* THE PROBLEM
Leaving out all pictures, return exactly the lines from the one that contains "室外側に強度・耐久性に優れた" through the end of the data below.

* Items from a dataset
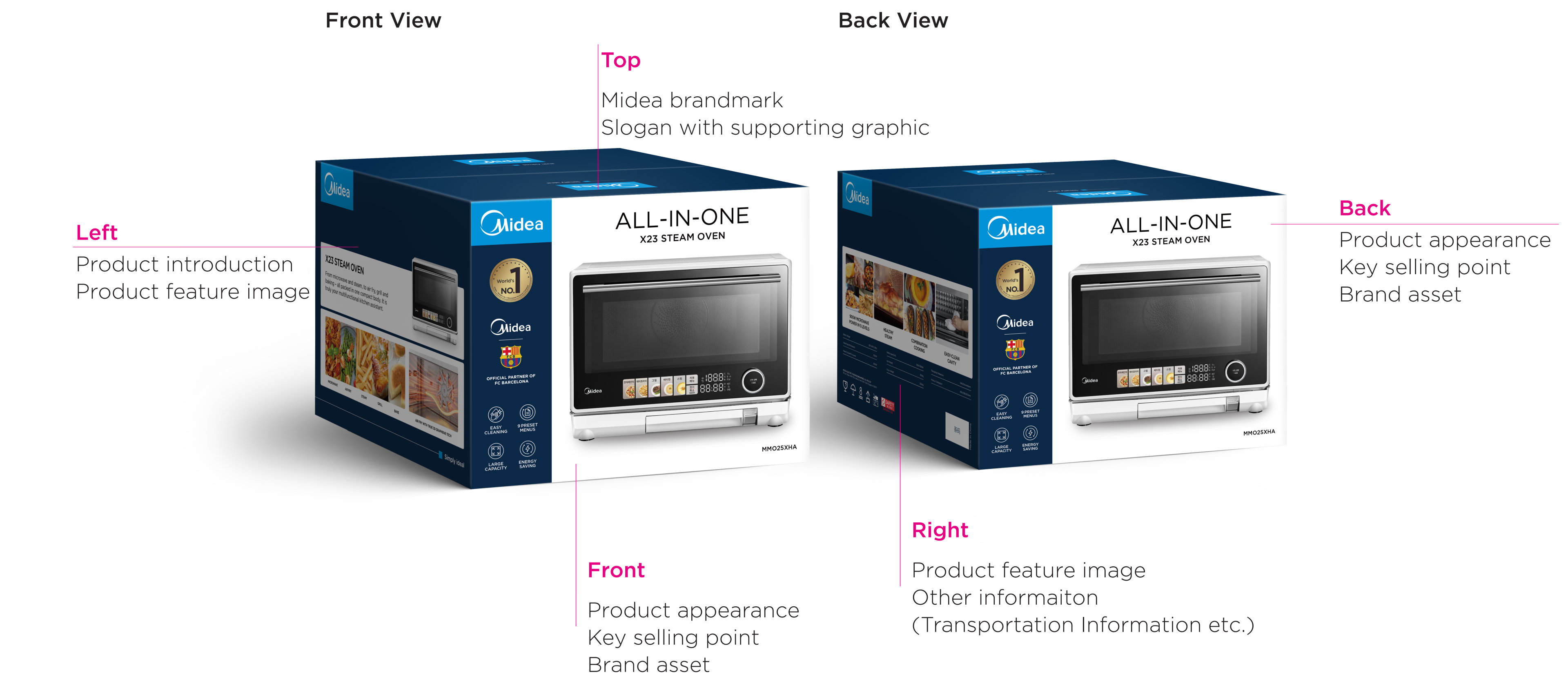 - The front and back sides display the product appearance, key selling point and brand assets;
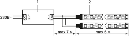 Максимальное удаление светодиодной ленты от блока питания без потери освещенности: не более 7 м.
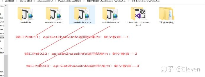 3.此时就可以使用nginx配置负载均衡了,我先启动多个webapi服务器,运行起来,每个服务器的同一个接口返回的数据略有不同;第一个服务器的接口我返回的数据为:朝夕教育—1,第二个服务器的接口返回的数据为:朝夕教育—2,第三个服务器的接口返回的数据为:朝夕教育—3;三个服务器启动后的的端口分别为:8011,8022,8033;也就是说8011端口返回的是:朝夕教育—1 ;8022端口返回的是:朝夕教育—2;8033端口返回的是:朝夕教育—3;也就是说三个服务器代码一样的,这里返回的结果不一样,是为了能够测试区别。
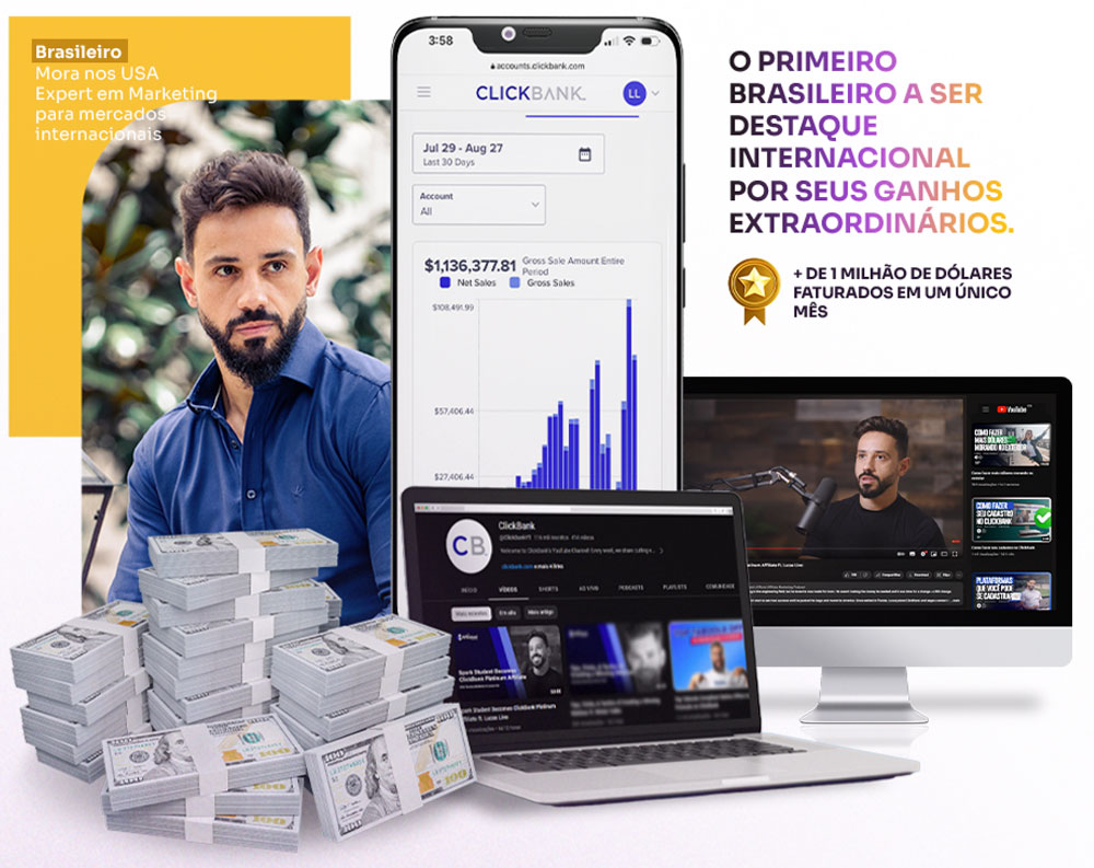 Este foi o mesmo método que eu utilizei para faturar mais de US$ 1,773,703.00 dólares e ser o primeiro brasileiro no mundo a ser entrevistado e reconhecido mundialmente pelos meus resultados no ClickBank
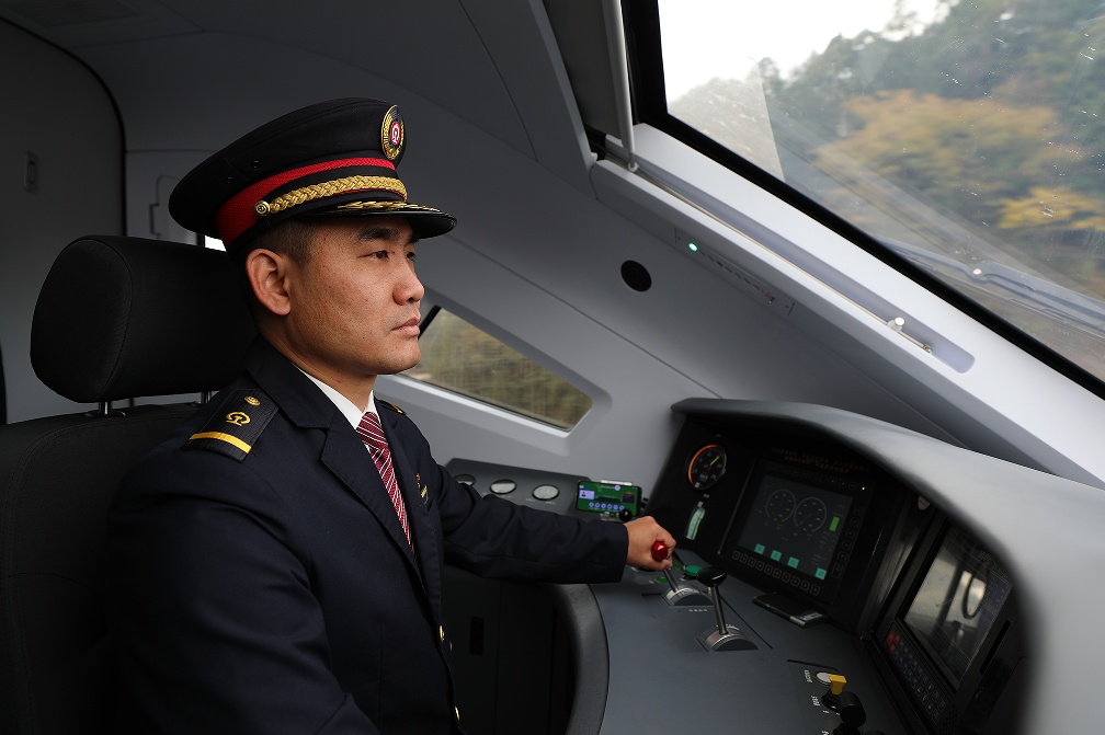 13時37分,隨著信號開放、車門關閉,李光登駕駛列車緩緩駛出站臺,穿梭在壯麗的山川之間。盡管窗外風景如畫,但他的目光始終堅定在前方,全神貫注地駕駛列車。
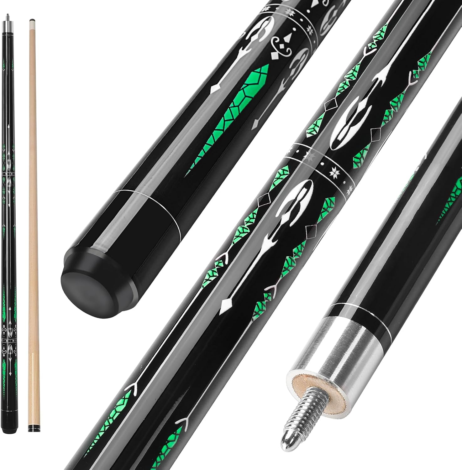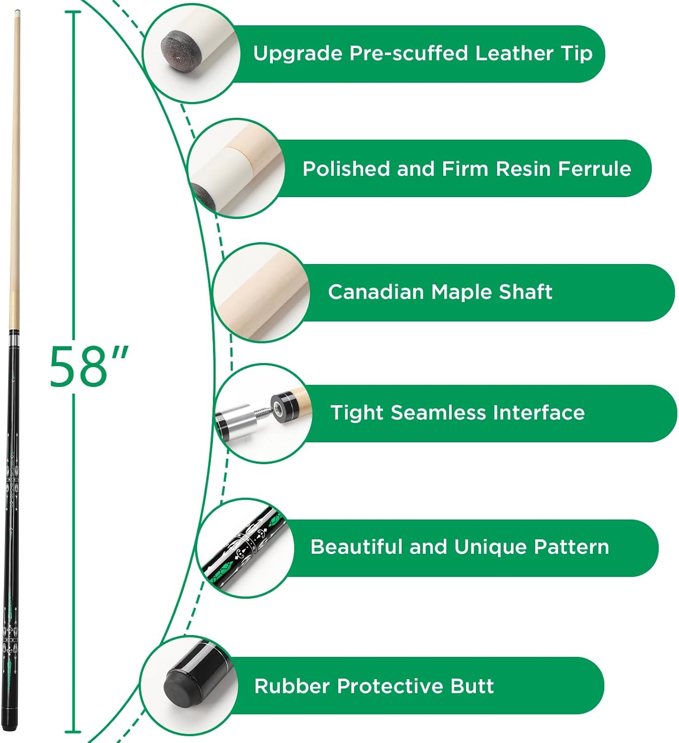 - 🎱【Specifications】 58-inch length (147 cm) & 20oz weight (567g) for optimal balance and control. Durable 13mm leather tip delivers precise cue ball contact. Easy-assembly 2-piece design screws together securely; feels seamless like a one-piece cue.
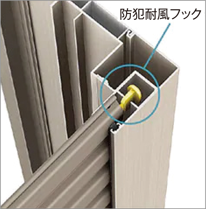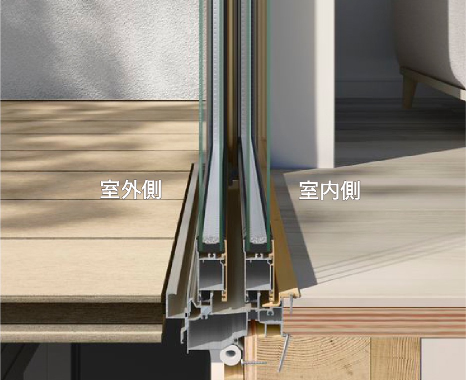 室外側に強度・耐久性に優れたアルミを採用し、雨、風、日差しによる劣化を防止します。
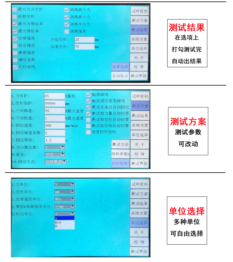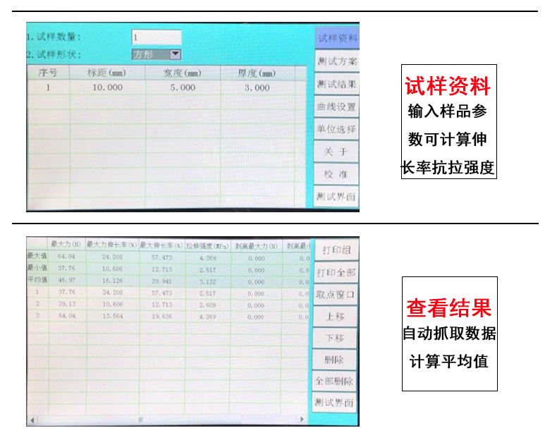 3.電腦版可實現(xiàn)拉伸、壓縮、彎曲、剝離、剪切、撕裂、刺破、頂破、出彈性模量數(shù)據(jù)。
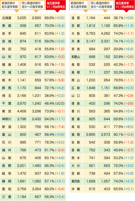 平成21年3月の高校新卒者が、出身高校と同じ都道府県の短期大学へ進学した割合です。

* FINAL ANSWER
 室外側に強度・耐久性に優れたアルミを採用し、雨、風、日差しによる劣化を防止します。
 3.電腦版可實現(xiàn)拉伸、壓縮、彎曲、剝離、剪切、撕裂、刺破、頂破、出彈性模量數(shù)據(jù)。
 平成21年3月の高校新卒者が、出身高校と同じ都道府県の短期大学へ進学した割合です。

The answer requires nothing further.